The following information is intended for medical or healthcare professionals only:

Vistide vials should be inspected visually prior to use. If visible particles or discolouration are observed, the vial should not be used.

Adequate precautions including the use of appropriate safety equipment are recommended for the preparation, administration and disposal of Vistide. The preparation of Vistide diluted solution should be done in a laminar flow biological safety cabinet. Personnel preparing the solution should wear surgical gloves, safety glasses and a closed front surgical-type gown with knit cuffs. If Vistide contacts the skin, wash membranes and flush thoroughly with water.

The appropriate dose of Vistide should be transferred from the vial to an infusion bag containing 100 ml 0.9% (normal) saline solution. The entire volume of the bag should be infused into the patient?s vein at a constant rate over a period of 1 hour using a standard infusion pump. The recommended dose, frequency of use, or rate of infusion must not be exceeded.

The chemical stability of Vistide mixed in saline solution has been demonstrated in glass bottles, in infusion bags composed of either polyvinyl chloride (PVC) composition or ethylene/propylene copolymer, and in PVC based vented IV administration sets. Other types of IV set tubing and infusion bags have not been studied.
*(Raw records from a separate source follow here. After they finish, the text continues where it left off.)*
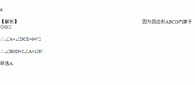 A 【解析】因为四边形ABCD内接于⊙O, ∴∠A=∠DCE=64°, ∴∠BOD=2∠A=128°. 故选A.
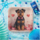 Hunde sitzen hübsch zwischen Rosa und rote Rosen, umgeben von Pastellherzen. Mit seinen klaren, modernen ästhetischen und sanften rosa Farbtönen ist dieses Design perfekt für die Wärme und Zuneigung am Valentinstag.
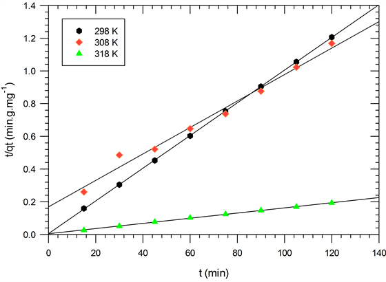 versus t and (t/qt) versus t [20] . Figure 4 shows pseudo-second-order plots for the Hg(II) adsorption onto ACROL surface and the kinetic parameters
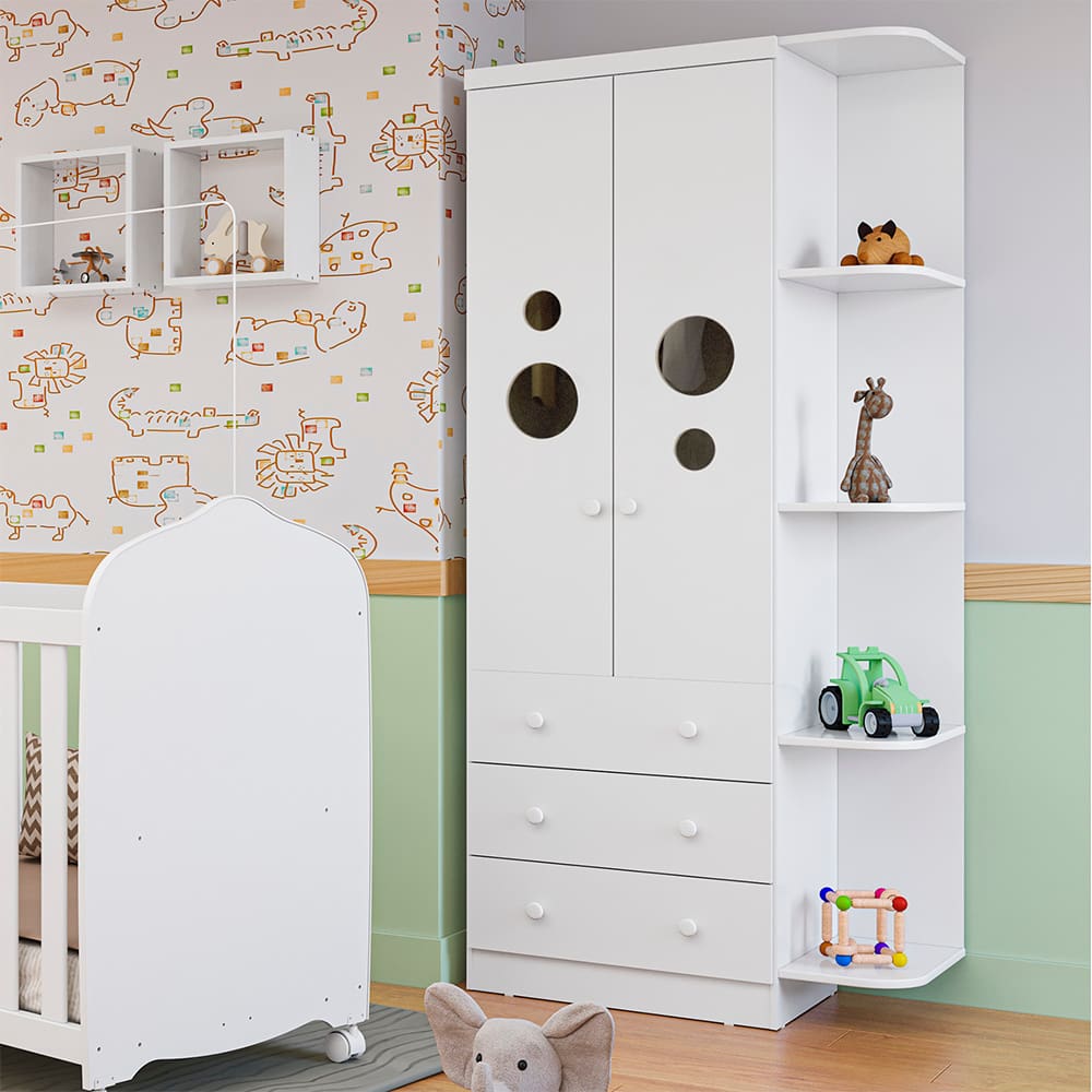 Além disso, o Guarda-Roupa Infantil Peroba possui quatro prateleiras externas, perfeitas para acomodar objetos de decoração e brinquedos, mantendo o ambiente sempre organizado e acolhedor.
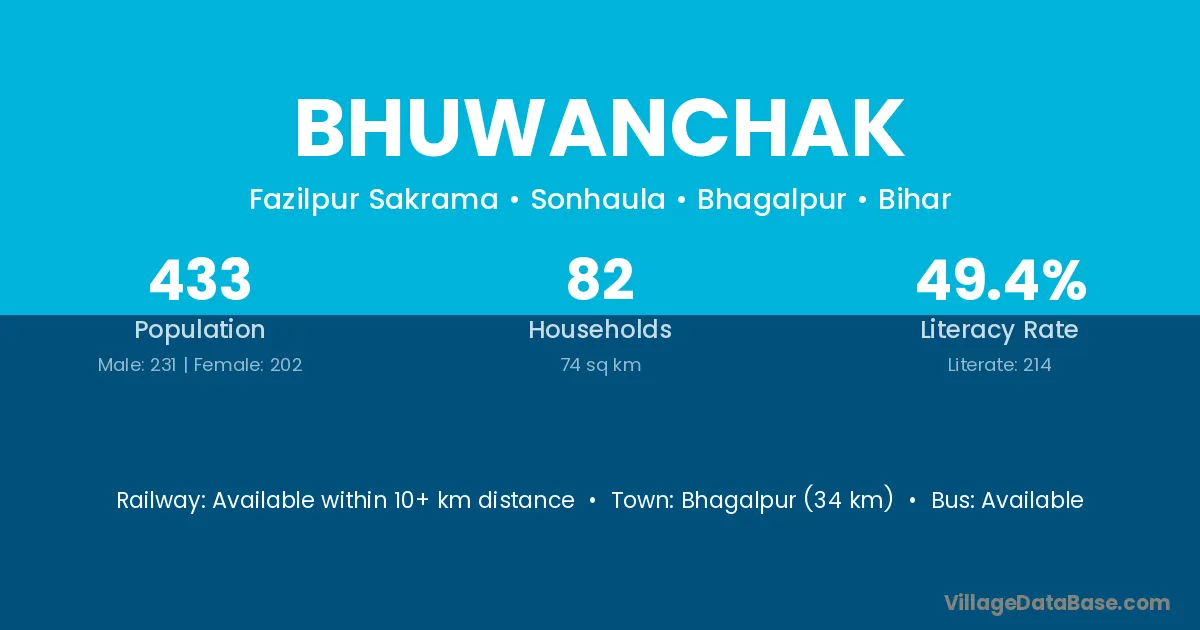Bhagalpur (34 km) is the nearest town to Bhuwanchak village for major economic activities and is located approximately 34 km away.

Compatibility of Vistide with Ringer?s Solution, Lactated Ringer?s Solution or bacteriostatic infusion fluids has not been evaluated.

From a microbiological point of view, the product must be used immediately.

Chemical and physical in-use stability has been demonstrated for up to 24 hours at 2 - 8ºC when dilution is performed under controlled and validated aseptic conditions. Storage beyond 24 hours or freezing is not recommended. Refrigerated infusion bags should be allowed to warm to room temperature prior to use.

Vistide is supplied in single-use vials. Partially used vials must be discarded.